SUPPLIED DATA
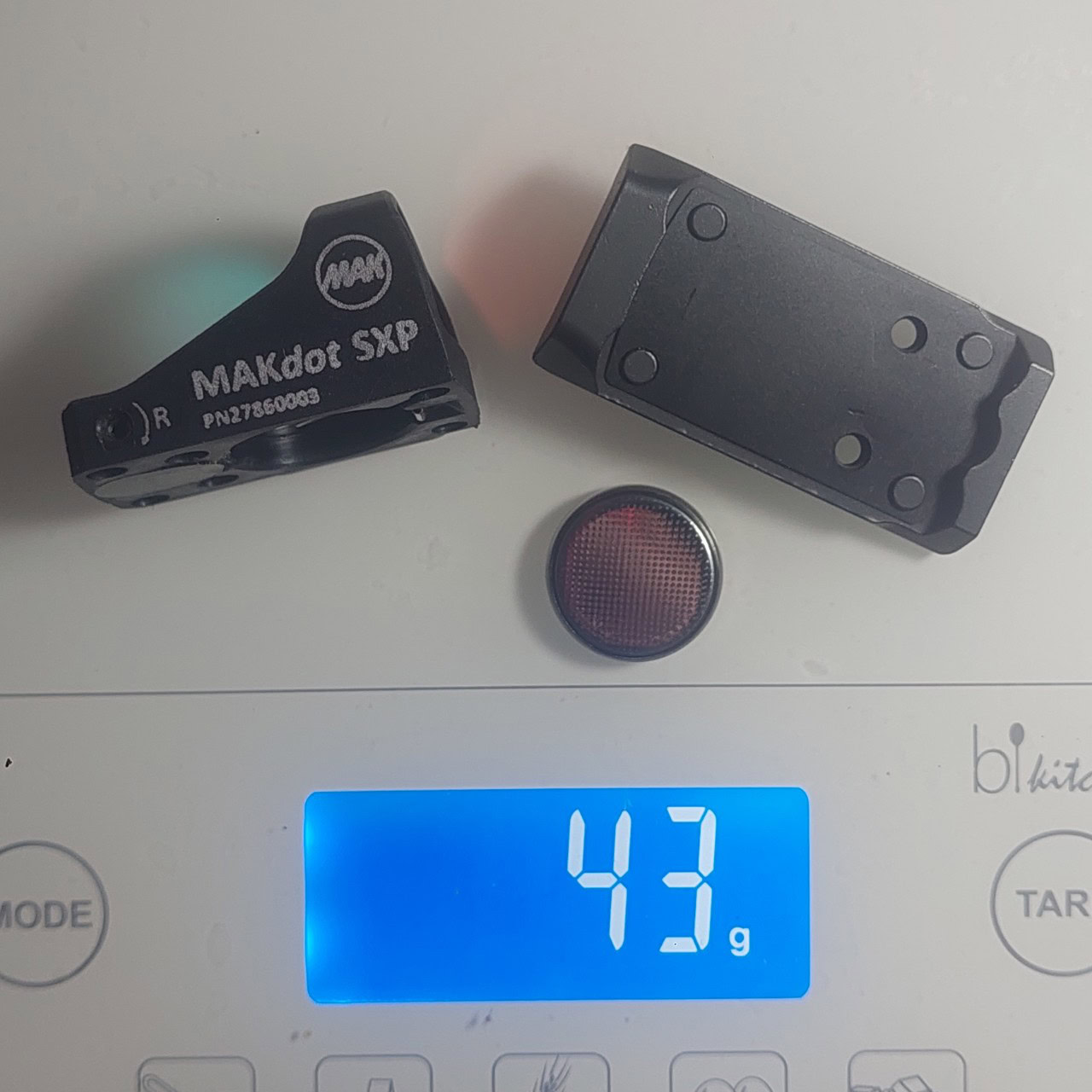 Achja, die Gewichtsangabe von 13g ist etwas irreführend. Das Reddot + Batterie + Adapterplatte liegt bei 43g.
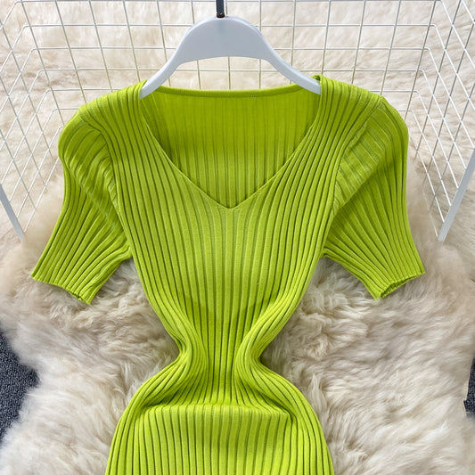 V-neck slim knit dress Hip Wrap 2973
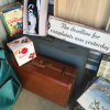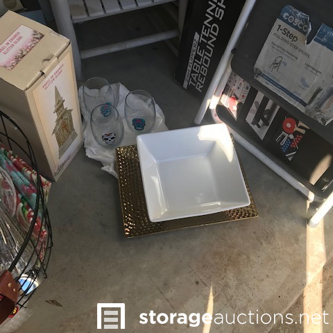 MANAGER'S SPECIAL.....Vinyl records, glassware, luggage (vintage and newer), Samsonite hardcase suitcase is locked - no key, stepstool, table tennis/rebound shuffleboard game, child's rocker, doll chair, old Vlasic pickle jar, bubble wrap, padded envelopes, drapes, wire basket, vase, Christmas items, fan, shoes, Baby Einstein books, Hot Wheels, screen building kit, carpet treads, wood serving tray. water toys, unopened box of Cuisinart knives, "Don't Tread on Me" arrow.

PROBLEM STATEMENT
Pictures aside, give the data again exactly as it appears.

REPLY
 Achja, die Gewichtsangabe von 13g ist etwas irreführend. Das Reddot + Batterie + Adapterplatte liegt bei 43g.
 V-neck slim knit dress Hip Wrap 2973
 MANAGER'S SPECIAL.....Vinyl records, glassware, luggage (vintage and newer), Samsonite hardcase suitcase is locked - no key, stepstool, table tennis/rebound shuffleboard game, child's rocker, doll chair, old Vlasic pickle jar, bubble wrap, padded envelopes, drapes, wire basket, vase, Christmas items, fan, shoes, Baby Einstein books, Hot Wheels, screen building kit, carpet treads, wood serving tray. water toys, unopened box of Cuisinart knives, "Don't Tread on Me" arrow.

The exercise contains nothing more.